Trump’s cult, and the associated QAnon creed, are Apocalyptic cults in every sense of that word. They claim revelations from higher powers in an endgame struggle with forces of destruction. As ridiculous as their claims are by all rational standards of inquiry, the adherents of those cults are right about one thing: This is the end of their world, and things are being revealed that have been hidden from sight for too long. This culture is facing transformation, with old comforts dying in service of new realities. That is a frightening process, and things are being lost that can never be reclaimed. That’s scary. I get it. This new world doesn’t look like Leave It to Beaver, and though few of the guys hefting battle banners in Trump’s name are old enough to have watched that program on TV, the mythic America it portrays is part of their view of “the way things ought to be.” [*2] MAGAmerica is, at its heart, dedicated to preserving a mythic United States in which any cowboy can become a Self-Made Man if those pesky libtards and scary brown people would just get back in their places where they belong. Trump’s final act, the declaration of a slavery-denying “1776 Commission” on Martin Luther King Day, was as blatant as a Stars-and-Bars. [*3] When Q’s promised Apocalypse failed to occur, the cult turned upon itself. The results, again, remain to be seen. I doubt, though, that’s we’ve seen the last of them. From Haven’s Gate to Islamic State, atrocities have been committed over less.
Fellow Americans, we need to sort this funhouse out. We must be more careful and conscious of our mythologies, of the ways they guide us, of the purposes to which they can be put, and of the people – even me – who craft those purposes, and to what ends.

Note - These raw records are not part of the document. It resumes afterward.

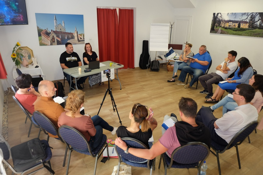 A kétéves képzést lezáró augusztusi hétnek fokozott izgatottsággal vágtunk neki. A tavalyi képzés a házaspárok épülésére szolgált, idén már a tanítványból apostollá válás útját jártuk. Nekünk kellett a szívtémáinkat formába önteni és először 5 perces kiselőadásokat készíteni, melyekből a nyári táborra 45 perces előadásokkal kellett előrukkolnunk. Emiatt volt fokozott izgatottság, de ahogy az előadásainkat átadtuk, leereszthettünk és az izgalom helyét átvette az öröm és kacagás.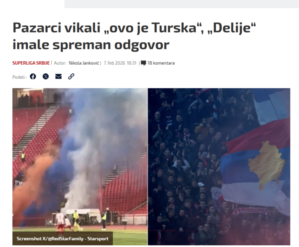 Da sve bude gore, i na samoj utakmici, Pazarci su skandirali "Ovo je Turska", što nisu mogli da prećute čak ni tajkunski mediji.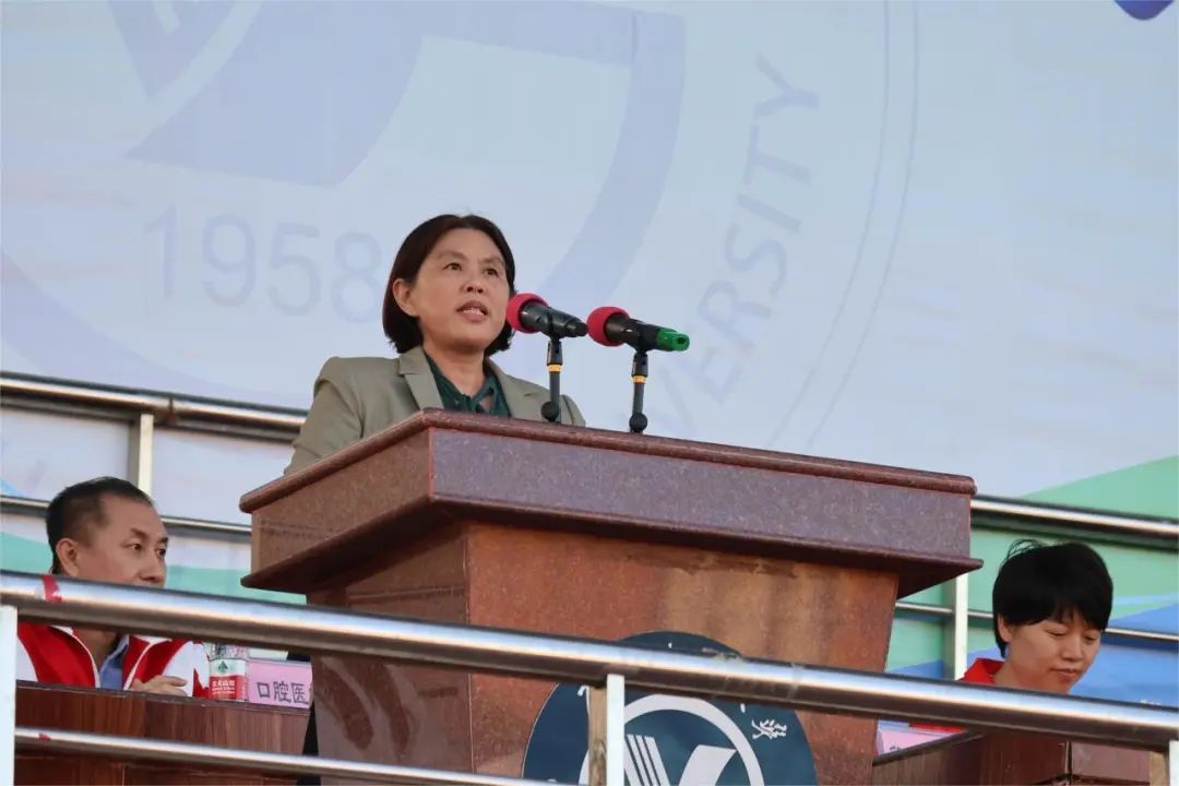 唐小平书记在致辞中表示,本届运动会是新冠疫情过后的第一次校运会,也是学校建校65周年系列重要活动之一。校运会为学校65岁华诞营造了青春活力氛围,充分展现了广医人积极向上、奋勇拼搏的精神风貌以及学校体育事业蓬勃发展、学生体育素质持续提升的良好态势。希望广大师生把在运动场上所展现的顽强拼搏、永不放弃、团结友爱的精神,延伸到今后的学习生活中。以不懈的努力、饱满的热情、昂扬的斗志投入学校改革发展事业中,为高质量推进“双一流”建设贡献青春力量。

Otherwise, we’re just spinning frantically until our funhouse finally burns down.
Five lives ended in our Capital that day. Several more have followed since.
Now, at the threshold of symbolic new beginnings, let their tragedy be the warning we all hear.
BEHOLD THY FOOTNOTES!

*1 The fact that QAnon’s nonsense echoes the Satanic Panic which encompassed weird fantasies about heavy metal and D&D adds to the funhouse-on-acid feel of Trumpian mythology.
*2 The title of a book by Rush Limbaugh, whose impending demise adds yet another layer to this age’s over-piled irony cake.
*3 It was also canceled by Executive Order on the first day of Biden’s presidency.